The next day, torrential rain, howling storms and waves of relentless hurricanes were pummelling the ground, especially on the southern continent where the interlopers had first landed, for what they thought was a sure-fire invasion.

Large plate-sized salvos of hail flung horizontally from drenched skies slammed into every obstacle in its way. With such great force, it obliterated power suits, sheering off armour and turning the ground beneath into a never-ending boggy swamp.

The storm reduced visibility to zero; radio comms turned to static and bionic musculature to mush. The Technocracy’s invincible interceptors and rattlers became weak as gnats against the prevailing winds and devastating lightning, crashing into prismatic mountainsides in large explosions that lit up the nightmare scenes.

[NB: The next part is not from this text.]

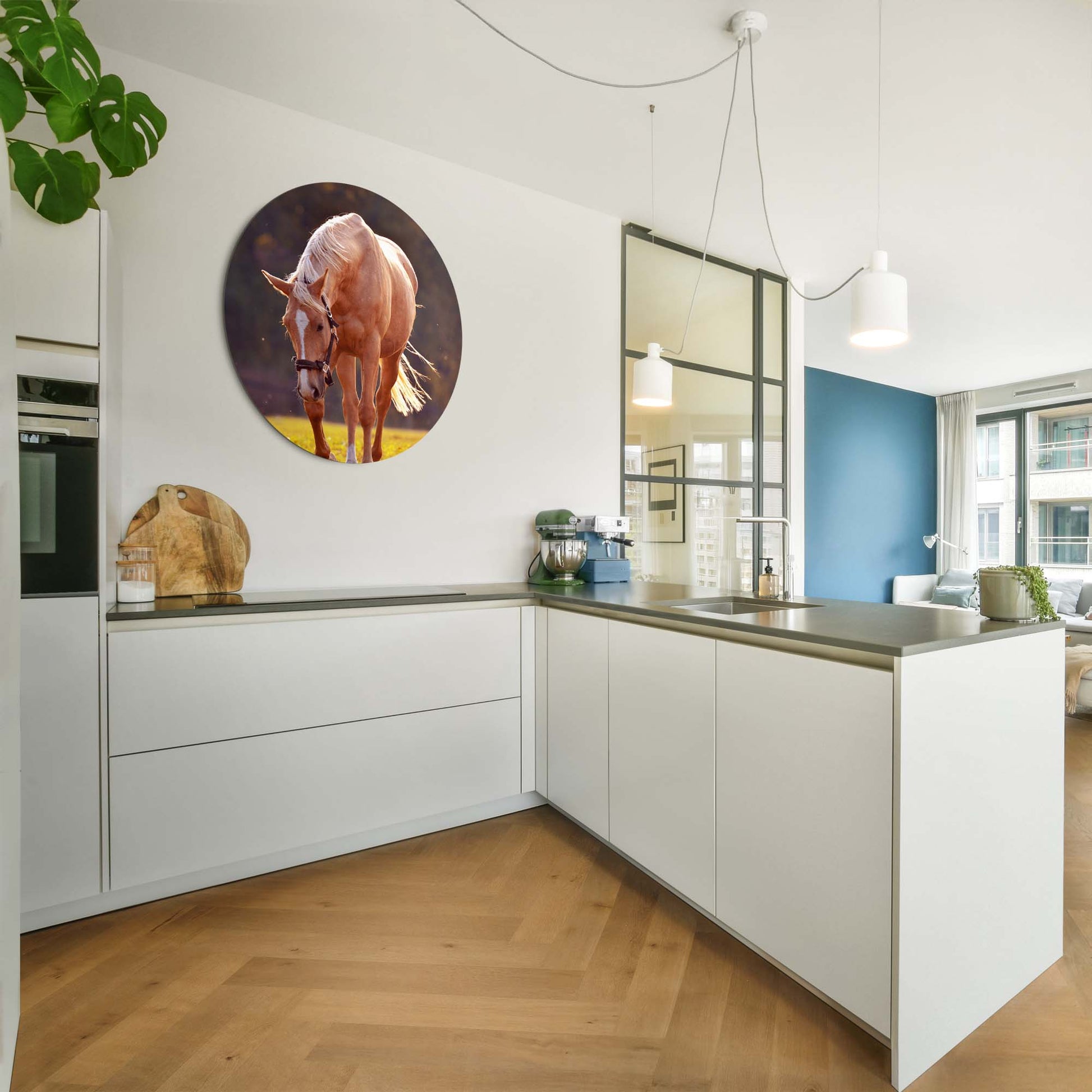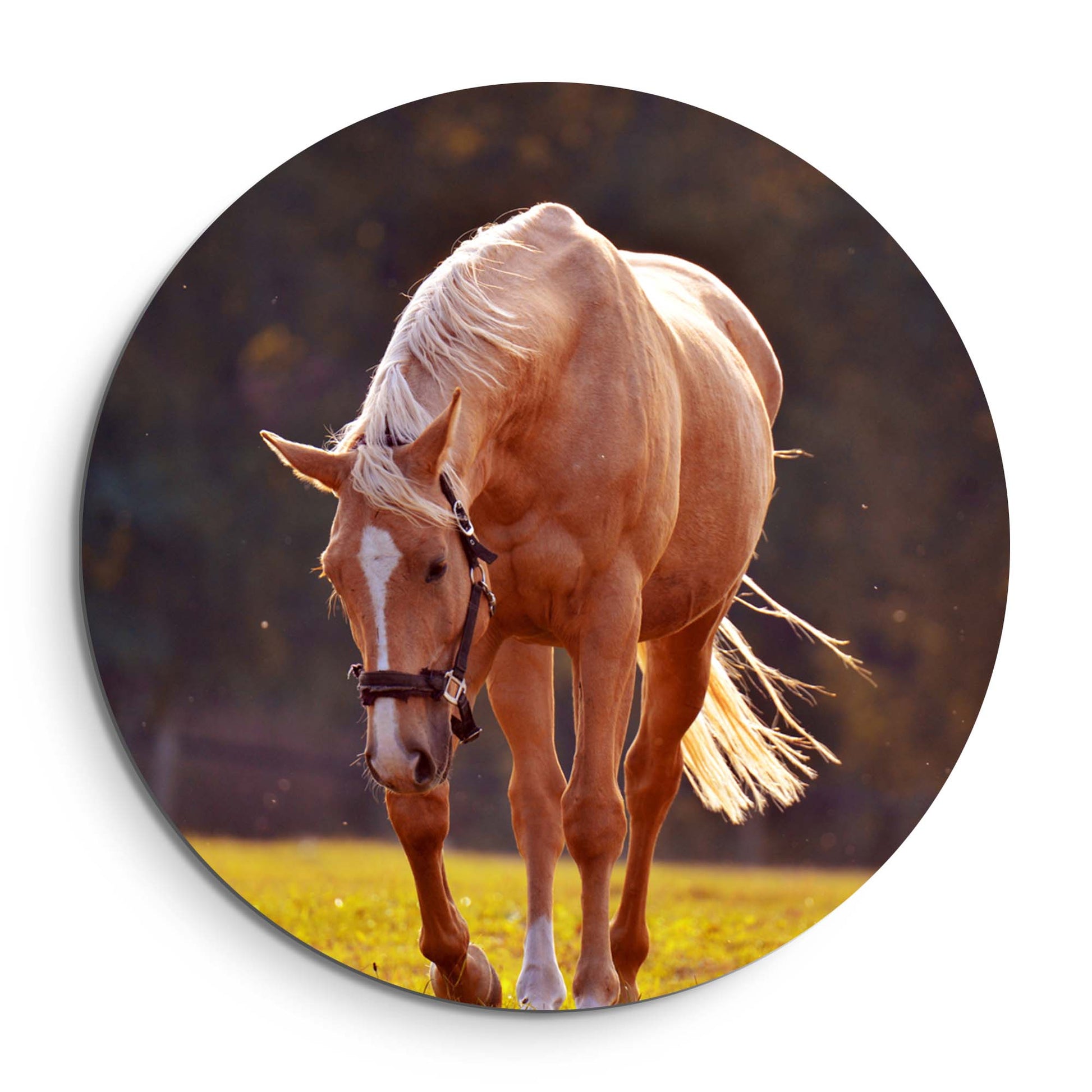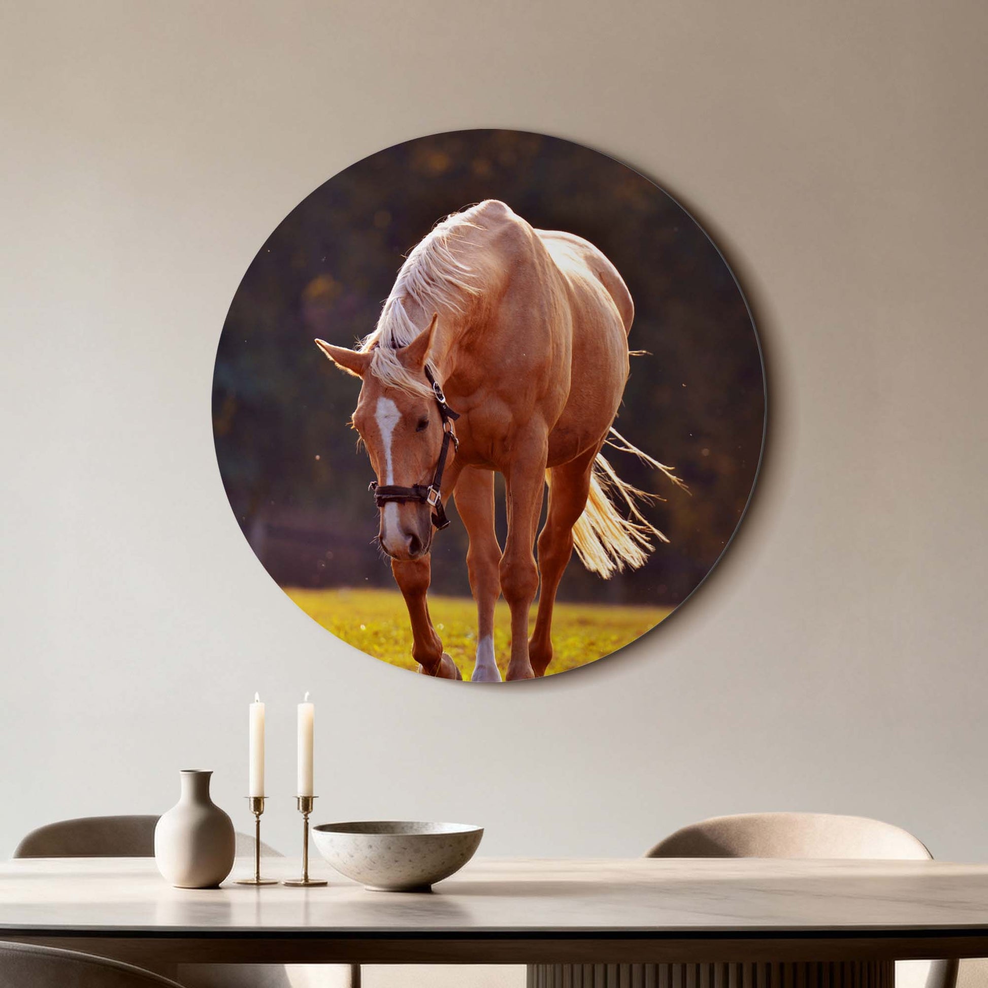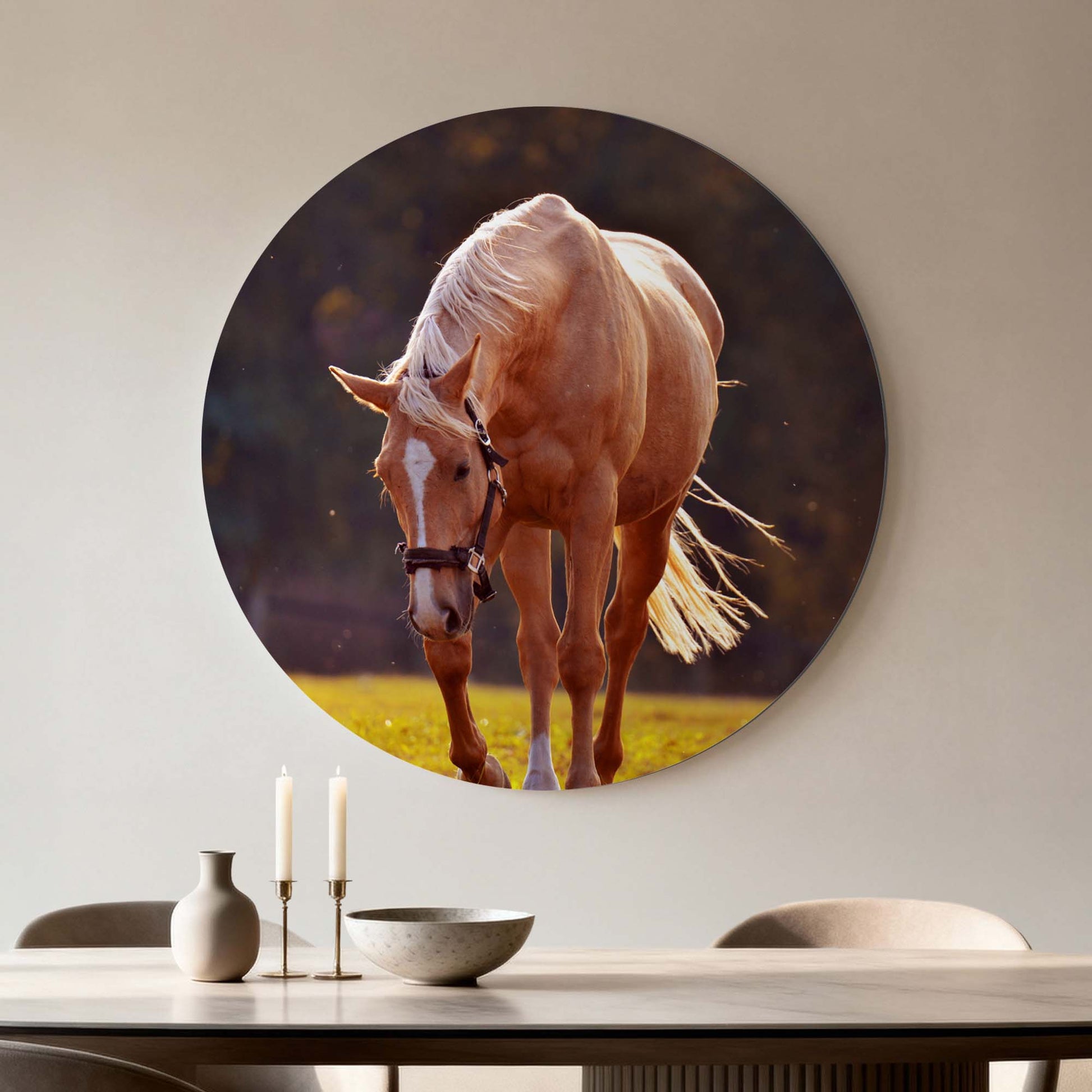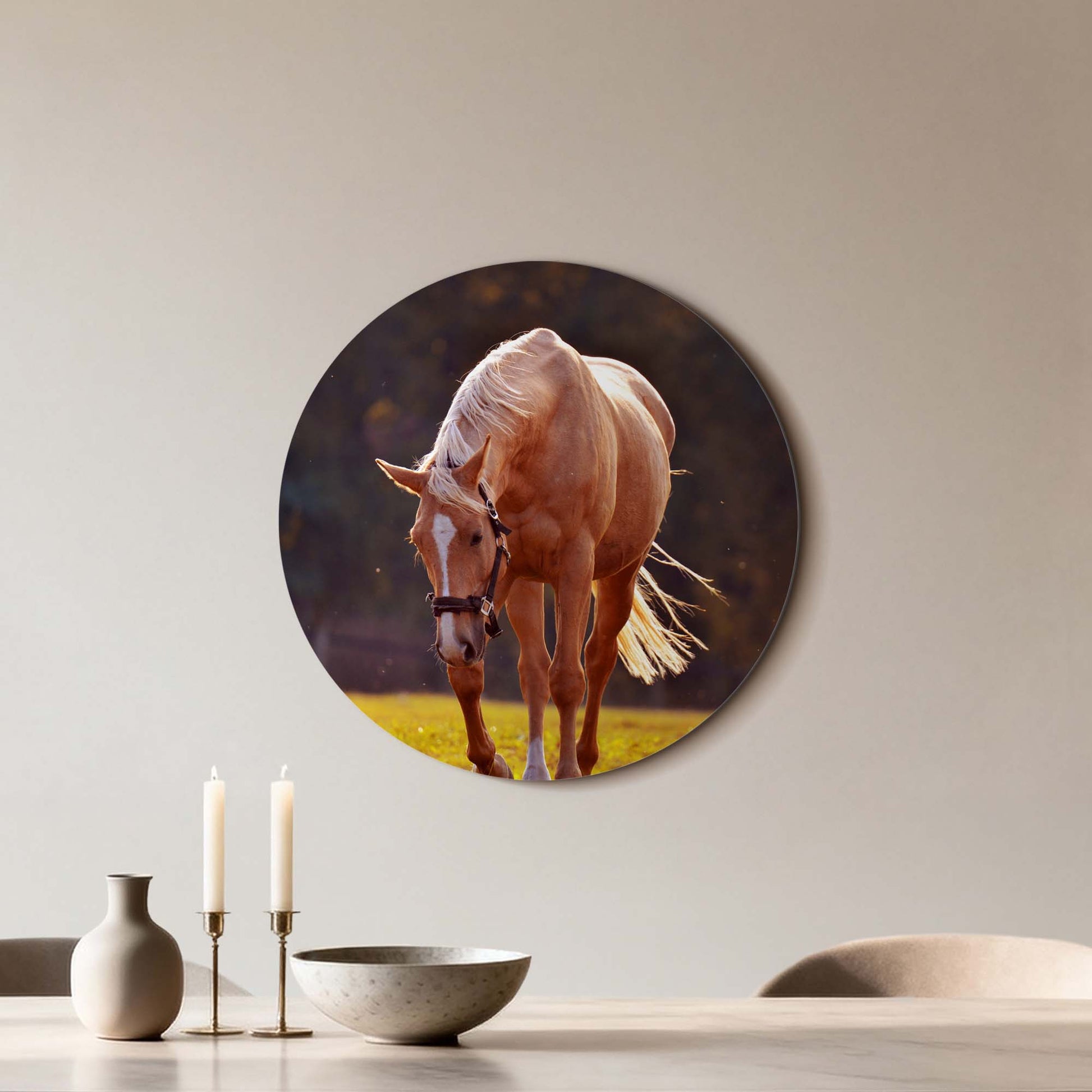 Ervaar de rust van de ondergaande zon met Golden Serenity: een elegante muurcirkel waarop een goudkleurig paard baadt in warm avondlicht. Een tijdloos kunstwerk dat sereniteit en kracht samenbrengt.

Even the far north desert tundra fell victim to the high winds that whipped sand into sheets of devastation. Wisely, the few creatures that made up the arid biosphere retreated into caves and holes carved into the ancient rock.

Despite their firepower and metal might, the invaders’ soldiers, also known as the crats, fell in the thousands.

Then inexplicably, the interceptors retreated from the planet and docked back with the armada.

In the stratospheric space above Dunia, The Technocracy’s armada streaked away one by one into FTL flight. They vanished with a wink as they raced back to the Omega IAZL System and their gleaming silver-plated habitat that hovered around the vibrating exoplanet HD 638974 b.

However, not all of The Technocracy ships left the system. Three capital cruisers remained, hovering in orbit.